> **Provided material**:
•••••
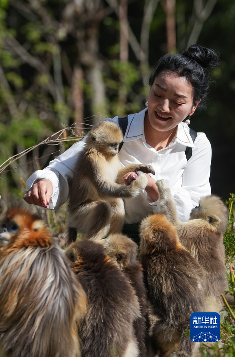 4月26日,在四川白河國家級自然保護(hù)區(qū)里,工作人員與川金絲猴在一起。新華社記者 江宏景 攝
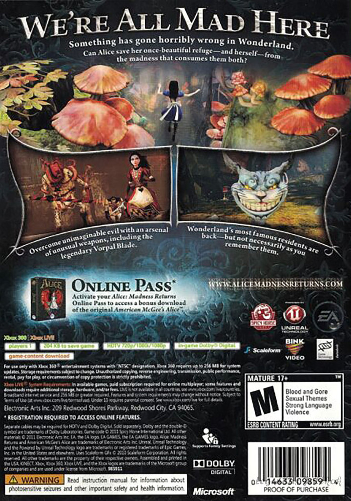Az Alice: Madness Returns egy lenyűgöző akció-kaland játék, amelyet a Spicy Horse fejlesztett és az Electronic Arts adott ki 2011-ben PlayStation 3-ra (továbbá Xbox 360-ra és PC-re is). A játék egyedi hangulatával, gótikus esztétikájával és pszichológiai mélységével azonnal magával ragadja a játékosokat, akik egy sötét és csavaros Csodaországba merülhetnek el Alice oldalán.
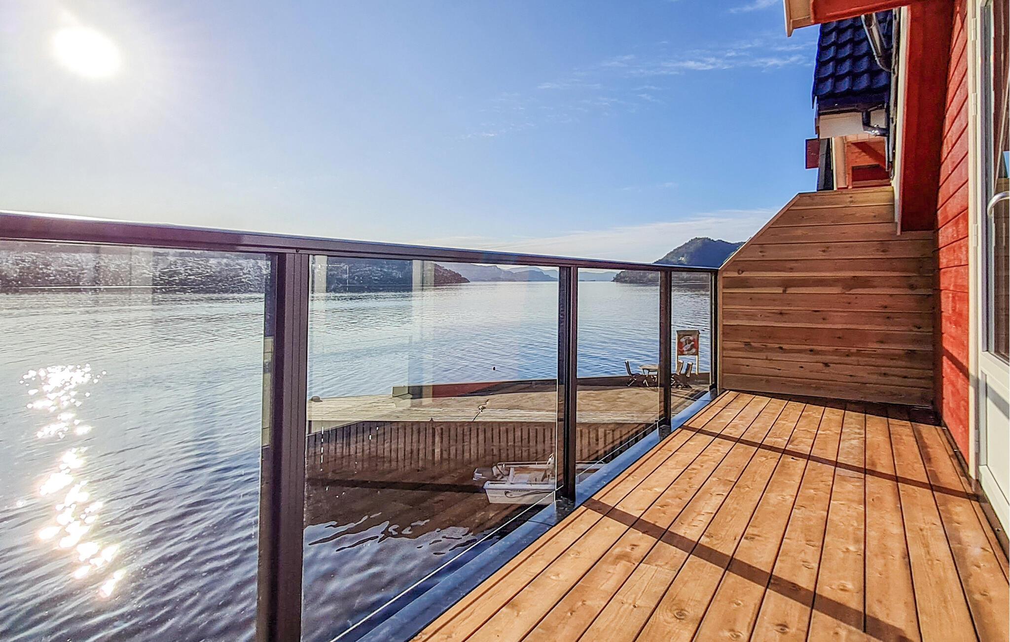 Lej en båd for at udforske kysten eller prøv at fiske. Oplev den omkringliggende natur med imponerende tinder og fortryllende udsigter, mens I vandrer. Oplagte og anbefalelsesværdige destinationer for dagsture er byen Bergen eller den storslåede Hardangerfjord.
•••••
> **Try it**:
Since the listing holds pictures, return everything else in it exactly and omit those.

> **Exercise result**:
 4月26日,在四川白河國家級自然保護(hù)區(qū)里,工作人員與川金絲猴在一起。新華社記者 江宏景 攝
Az Alice: Madness Returns egy lenyűgöző akció-kaland játék, amelyet a Spicy Horse fejlesztett és az Electronic Arts adott ki 2011-ben PlayStation 3-ra (továbbá Xbox 360-ra és PC-re is). A játék egyedi hangulatával, gótikus esztétikájával és pszichológiai mélységével azonnal magával ragadja a játékosokat, akik egy sötét és csavaros Csodaországba merülhetnek el Alice oldalán.
 Lej en båd for at udforske kysten eller prøv at fiske. Oplev den omkringliggende natur med imponerende tinder og fortryllende udsigter, mens I vandrer. Oplagte og anbefalelsesværdige destinationer for dagsture er byen Bergen eller den storslåede Hardangerfjord.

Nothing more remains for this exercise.